### [What you have to do]
Transcribe the entries below exactly; leave every image out.
*** Extracted information ***
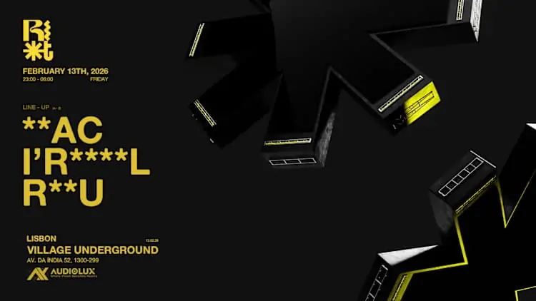 Após mais de um ano de espera, Riot X Audiolux regressa para uma noite que promete transformar Lisboa numa experiência audiovisual inesquecível. Produção de alto nível, conceptualizada e executada pela Audiolux, com foco em house e techno, proporcionando uma pista de dança envolvente do início ao fim. (shotgun.live)
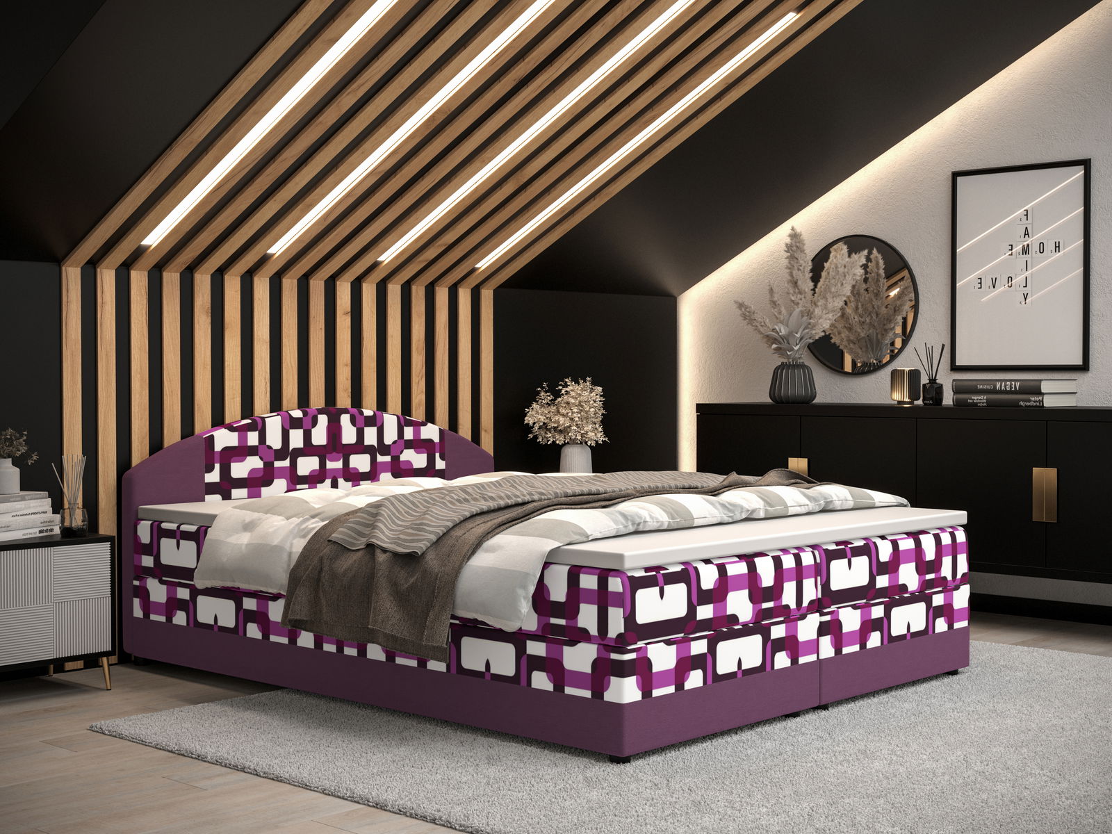 Manželská posteľ Boxspring 180 cm Orlando (vzor + fialová) (s matracom a úložným priestorom)
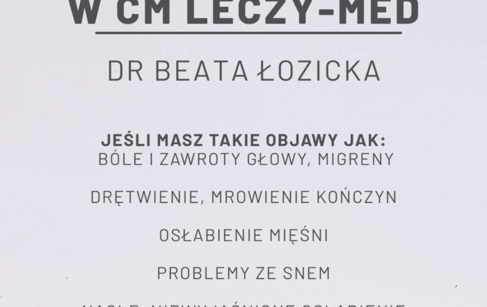 Neurolog w CM Leczy-Med! Z radością informujemy, że do zespołu CM Leczy-Med dołączył nowy specjalista neurolog - dr Beata Łozicka, która przyjmuje pacjentów w ramach [...]
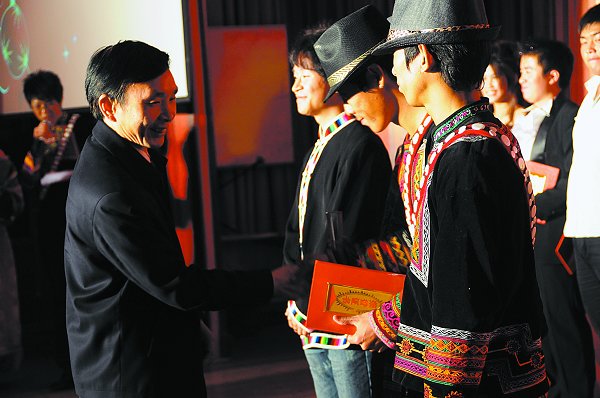 乐山市民族事务委员会副主任张叶,乐山市民族事务委员会办公室主任龚建平,我校党委副书记杨胜宽,机关党总支书记、党委宣传统战部副部长罗松乔为获得一、二、三等奖的获奖选手颁奖,手持奖杯和证书,选手们脸上漾满了笑容,“今晚的荣誉是对我们的肯定,更是对我们的鼓励。”获奖选手高兴地说。
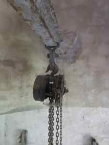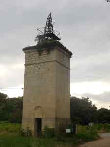 Le sommet de cette tour ressemble beaucoup à un treuil de traille. A l’intérieur, un escalier mène jusqu’au sommet de la tour.
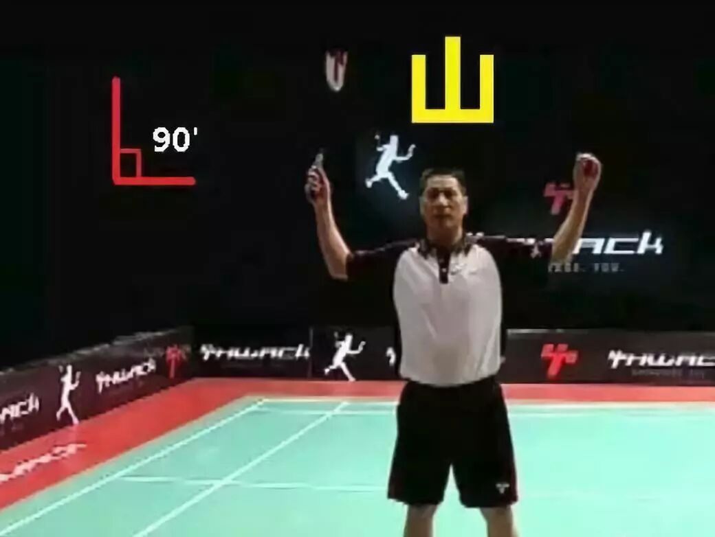 在网球大力发球中,身体和大臂、大臂和小臂的角度是要求2个90度或大于90度,羽毛球杀球先追求力量速度准确性的基础上再追求美观。也是要求2个90度或者大于90度,但是不能小于90度,这样会使肌肉紧张。
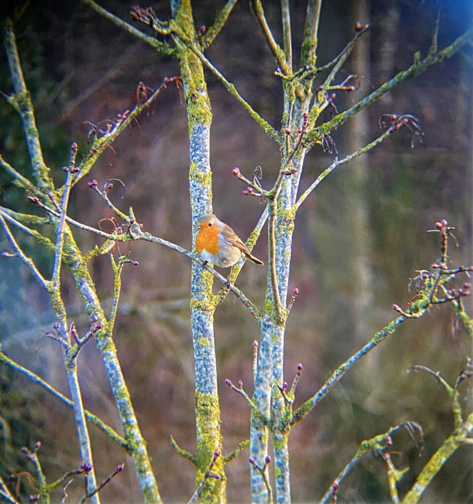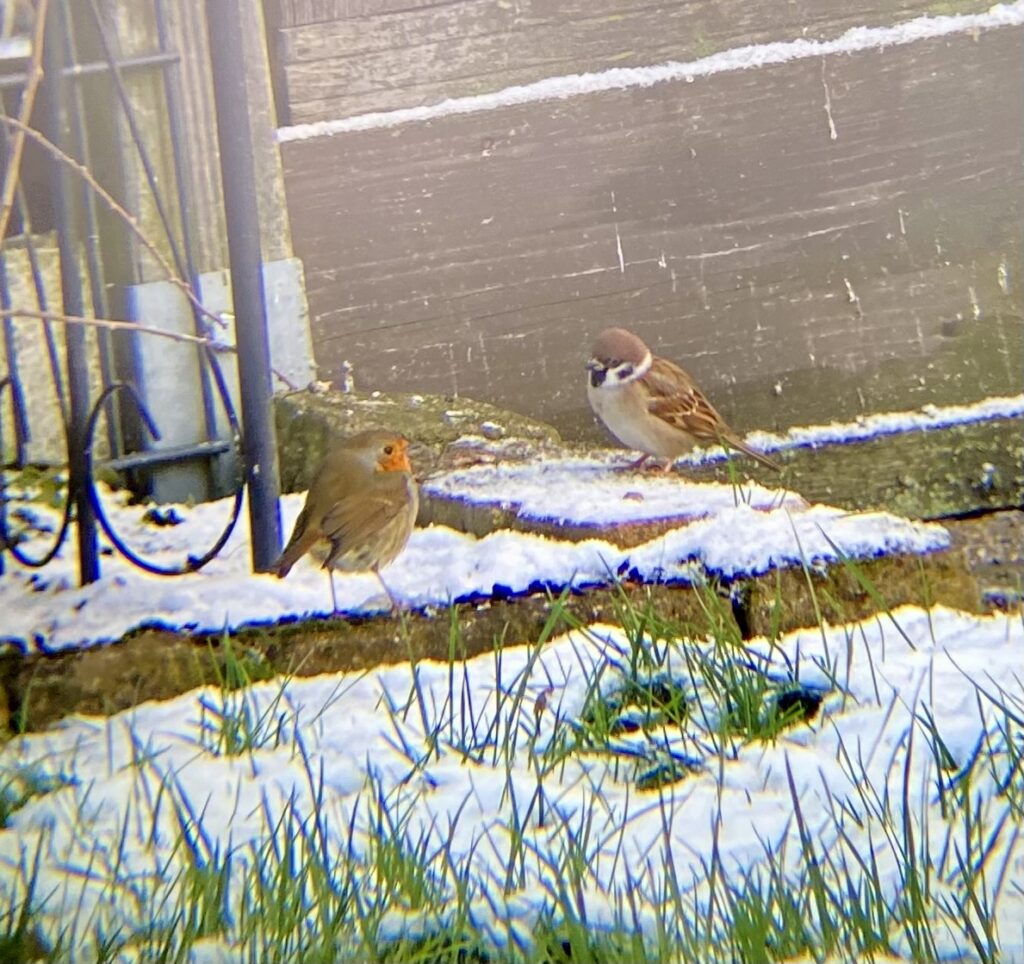 Das Rotkehlchen (links) und der Feldsperling (rechts) – in einem stillen Moment einander zugewandt.
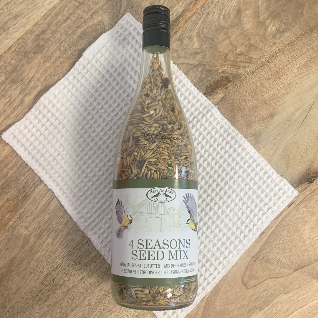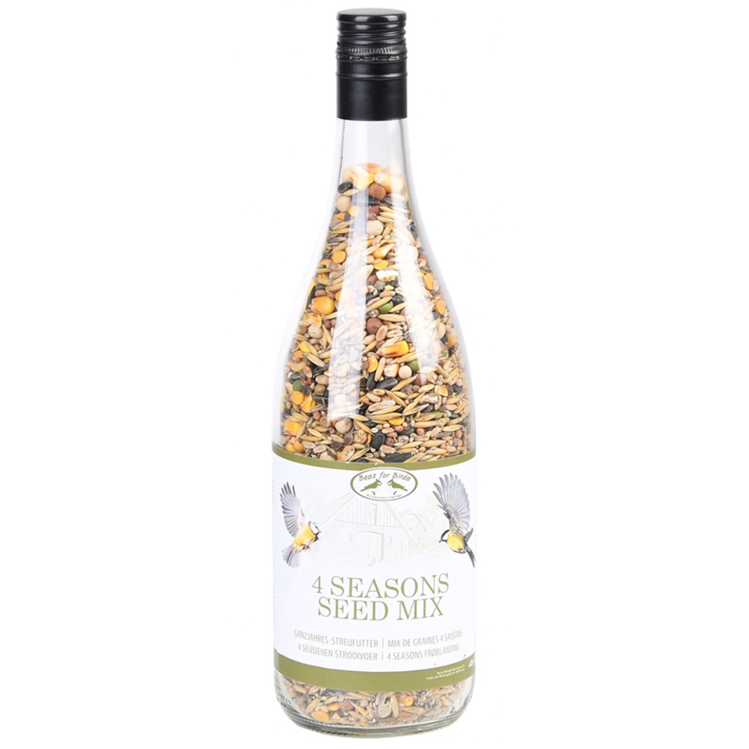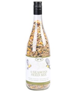 Cette bouteille en verre remplie de graines permet de nourrir les oiseaux et de stocker joliment votre nourriture pour oiseaux.
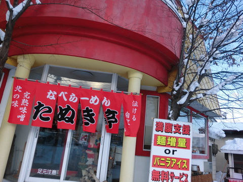 「なべらーめん たぬき亭」※地図はこちら※前回の記事はこちら深夜まで営業しているので遅い時間に伺うことの多いお店ですがラリーでスタンプをゲットするためにお昼に家族で訪問しました家族連れで混雑していますおつまみメニューもありお昼からアルコールもいただけるのでお母ちゃんに運転任せて昼から飲むにはもってこいのラーメン屋さんです(笑)
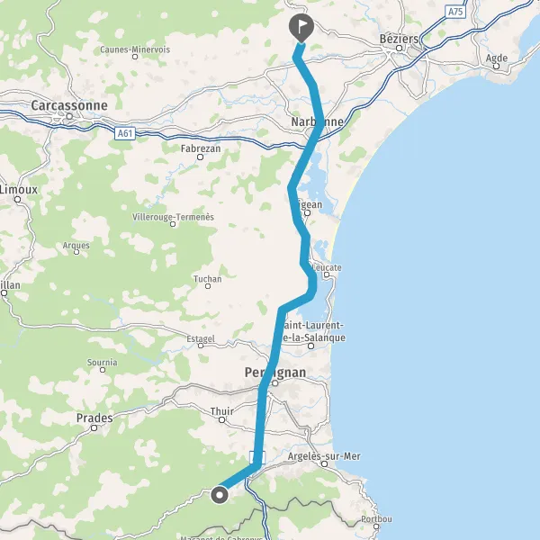 Continuer et rejoindre A9 E15. Continuer sur 77 kilomètres
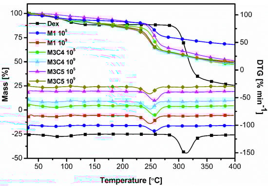 The studied samples’ thermal degradation curves are presented in Figure 7 and the degradation temperatures are listed in Table 3. Up to 400 °C, dextran records two degradation steps [37]. The first step is recorded in the range of 80–100 °C due to the loss of intra-molecularly bound water [37]. In the second step, the most pronounced mass loss takes place in the range of 150–400 °C, which is due to the degradation of the dextran macromolecule [37]. For our samples, the more stable structure is recorded for the Dextran standard, for which the main degradation of the structure was recorded at 312 °C.
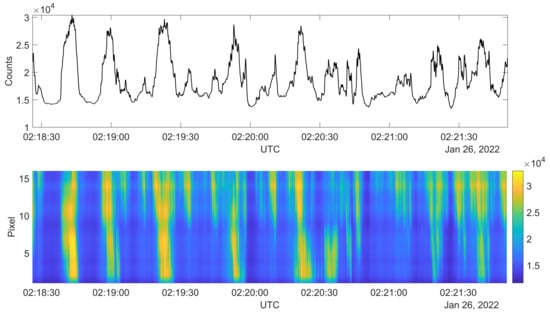 The detector works in a continuous monitoring measurement mode with a 41 ms temporal resolution, and it allows us to obtain detailed information for the whole night. In Figure 8, the example of such measurements (integral light curve of the photometer) is shown. Different temporal structures, which correspond to various types of aurora, can be seen. Intensive spikes in emissions correspond to bright aurora arcs that appear and move in the photometer FOV. After 02:00, a fast variation in emissions is seen. This is an example of PsA. The more detailed waveform and a North–South keogram (diagonal pixels of the photometer matrix that lay close to the North–South direction) are shown in Figure 9. The intensity of the pulsations, as well as their period, change with time. The so-called internal modulation with higher frequency can be recognized during the “ON’’ phase of pulsations. This type of aurora usually occurs after midnight and are observed for 1–2 h.
***
### [Completed task]
 Após mais de um ano de espera, Riot X Audiolux regressa para uma noite que promete transformar Lisboa numa experiência audiovisual inesquecível. Produção de alto nível, conceptualizada e executada pela Audiolux, com foco em house e techno, proporcionando uma pista de dança envolvente do início ao fim. (shotgun.live)
 Manželská posteľ Boxspring 180 cm Orlando (vzor + fialová) (s matracom a úložným priestorom)
 Neurolog w CM Leczy-Med! Z radością informujemy, że do zespołu CM Leczy-Med dołączył nowy specjalista neurolog - dr Beata Łozicka, która przyjmuje pacjentów w ramach [...]
 乐山市民族事务委员会副主任张叶,乐山市民族事务委员会办公室主任龚建平,我校党委副书记杨胜宽,机关党总支书记、党委宣传统战部副部长罗松乔为获得一、二、三等奖的获奖选手颁奖,手持奖杯和证书,选手们脸上漾满了笑容,“今晚的荣誉是对我们的肯定,更是对我们的鼓励。”获奖选手高兴地说。
 Le sommet de cette tour ressemble beaucoup à un treuil de traille. A l’intérieur, un escalier mène jusqu’au sommet de la tour.
 在网球大力发球中,身体和大臂、大臂和小臂的角度是要求2个90度或大于90度,羽毛球杀球先追求力量速度准确性的基础上再追求美观。也是要求2个90度或者大于90度,但是不能小于90度,这样会使肌肉紧张。
 Das Rotkehlchen (links) und der Feldsperling (rechts) – in einem stillen Moment einander zugewandt.
 Cette bouteille en verre remplie de graines permet de nourrir les oiseaux et de stocker joliment votre nourriture pour oiseaux.
 「なべらーめん たぬき亭」※地図はこちら※前回の記事はこちら深夜まで営業しているので遅い時間に伺うことの多いお店ですがラリーでスタンプをゲットするためにお昼に家族で訪問しました家族連れで混雑していますおつまみメニューもありお昼からアルコールもいただけるのでお母ちゃんに運転任せて昼から飲むにはもってこいのラーメン屋さんです(笑)
 Continuer et rejoindre A9 E15. Continuer sur 77 kilomètres
 The studied samples’ thermal degradation curves are presented in Figure 7 and the degradation temperatures are listed in Table 3. Up to 400 °C, dextran records two degradation steps [37]. The first step is recorded in the range of 80–100 °C due to the loss of intra-molecularly bound water [37]. In the second step, the most pronounced mass loss takes place in the range of 150–400 °C, which is due to the degradation of the dextran macromolecule [37]. For our samples, the more stable structure is recorded for the Dextran standard, for which the main degradation of the structure was recorded at 312 °C.
 The detector works in a continuous monitoring measurement mode with a 41 ms temporal resolution, and it allows us to obtain detailed information for the whole night. In Figure 8, the example of such measurements (integral light curve of the photometer) is shown. Different temporal structures, which correspond to various types of aurora, can be seen. Intensive spikes in emissions correspond to bright aurora arcs that appear and move in the photometer FOV. After 02:00, a fast variation in emissions is seen. This is an example of PsA. The more detailed waveform and a North–South keogram (diagonal pixels of the photometer matrix that lay close to the North–South direction) are shown in Figure 9. The intensity of the pulsations, as well as their period, change with time. The so-called internal modulation with higher frequency can be recognized during the “ON’’ phase of pulsations. This type of aurora usually occurs after midnight and are observed for 1–2 h.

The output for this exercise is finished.